TASK DETAILS:
Among the entries below, extract exactly the lines that run from the one with "Купить Технопарк 2401-12-BK" through the one with "Small sterling silver", both ends included.

EXERCISE MATERIALS:

== Segment start ==

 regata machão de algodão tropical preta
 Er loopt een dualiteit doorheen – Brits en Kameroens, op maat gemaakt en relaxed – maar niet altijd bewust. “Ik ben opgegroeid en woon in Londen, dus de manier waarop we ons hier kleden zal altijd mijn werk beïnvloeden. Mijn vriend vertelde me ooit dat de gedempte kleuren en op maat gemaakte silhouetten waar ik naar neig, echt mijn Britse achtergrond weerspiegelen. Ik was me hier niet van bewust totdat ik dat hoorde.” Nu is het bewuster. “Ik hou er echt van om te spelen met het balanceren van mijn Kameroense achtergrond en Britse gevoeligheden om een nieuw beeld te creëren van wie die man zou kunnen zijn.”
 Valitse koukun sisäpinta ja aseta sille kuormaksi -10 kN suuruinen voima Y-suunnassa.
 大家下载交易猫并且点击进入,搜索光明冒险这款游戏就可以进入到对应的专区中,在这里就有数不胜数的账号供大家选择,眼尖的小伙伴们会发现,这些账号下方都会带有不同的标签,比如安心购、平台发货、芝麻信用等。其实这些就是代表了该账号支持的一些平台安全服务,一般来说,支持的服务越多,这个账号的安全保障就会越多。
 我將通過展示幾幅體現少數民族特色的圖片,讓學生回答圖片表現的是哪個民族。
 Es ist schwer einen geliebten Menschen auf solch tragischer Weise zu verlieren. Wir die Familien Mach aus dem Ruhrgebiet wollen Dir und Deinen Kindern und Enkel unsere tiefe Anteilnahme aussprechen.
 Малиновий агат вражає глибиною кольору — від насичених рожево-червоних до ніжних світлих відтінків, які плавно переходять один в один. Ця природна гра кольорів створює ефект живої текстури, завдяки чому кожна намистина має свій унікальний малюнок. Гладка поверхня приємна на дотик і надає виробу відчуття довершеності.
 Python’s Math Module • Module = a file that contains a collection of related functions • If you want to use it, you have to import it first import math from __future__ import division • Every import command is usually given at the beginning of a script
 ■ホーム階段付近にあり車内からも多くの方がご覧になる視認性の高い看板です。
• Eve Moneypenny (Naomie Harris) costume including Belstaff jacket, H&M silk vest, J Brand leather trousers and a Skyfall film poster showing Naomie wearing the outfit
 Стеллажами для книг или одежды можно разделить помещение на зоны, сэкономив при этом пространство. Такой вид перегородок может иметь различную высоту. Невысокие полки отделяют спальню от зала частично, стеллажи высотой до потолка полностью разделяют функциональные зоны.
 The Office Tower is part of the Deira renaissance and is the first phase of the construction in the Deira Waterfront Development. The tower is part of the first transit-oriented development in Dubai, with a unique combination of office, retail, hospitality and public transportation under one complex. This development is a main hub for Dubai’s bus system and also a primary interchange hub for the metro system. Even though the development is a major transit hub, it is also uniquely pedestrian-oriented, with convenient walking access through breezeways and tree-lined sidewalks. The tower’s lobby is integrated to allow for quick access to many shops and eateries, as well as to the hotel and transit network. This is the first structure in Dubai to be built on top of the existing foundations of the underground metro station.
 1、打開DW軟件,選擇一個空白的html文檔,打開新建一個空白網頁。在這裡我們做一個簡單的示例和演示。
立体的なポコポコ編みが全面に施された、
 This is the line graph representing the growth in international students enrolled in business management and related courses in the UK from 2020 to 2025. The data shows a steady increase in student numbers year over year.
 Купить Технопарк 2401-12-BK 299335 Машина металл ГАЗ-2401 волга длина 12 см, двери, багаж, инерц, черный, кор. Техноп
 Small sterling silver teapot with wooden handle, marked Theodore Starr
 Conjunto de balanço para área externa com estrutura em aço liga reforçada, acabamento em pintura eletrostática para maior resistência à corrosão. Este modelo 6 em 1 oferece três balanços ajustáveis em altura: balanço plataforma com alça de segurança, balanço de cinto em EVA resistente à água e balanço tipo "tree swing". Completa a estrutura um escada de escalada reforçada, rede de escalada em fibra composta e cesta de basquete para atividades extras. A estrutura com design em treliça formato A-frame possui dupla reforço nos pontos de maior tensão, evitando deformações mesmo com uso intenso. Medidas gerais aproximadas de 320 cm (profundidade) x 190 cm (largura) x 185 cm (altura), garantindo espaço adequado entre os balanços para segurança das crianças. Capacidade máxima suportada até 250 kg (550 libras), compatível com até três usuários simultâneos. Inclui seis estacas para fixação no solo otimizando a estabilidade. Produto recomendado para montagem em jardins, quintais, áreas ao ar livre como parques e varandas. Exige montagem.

== Segment end ==

ANSWER BOX:
 Купить Технопарк 2401-12-BK 299335 Машина металл ГАЗ-2401 волга длина 12 см, двери, багаж, инерц, черный, кор. Техноп
 Small sterling silver teapot with wooden handle, marked Theodore Starr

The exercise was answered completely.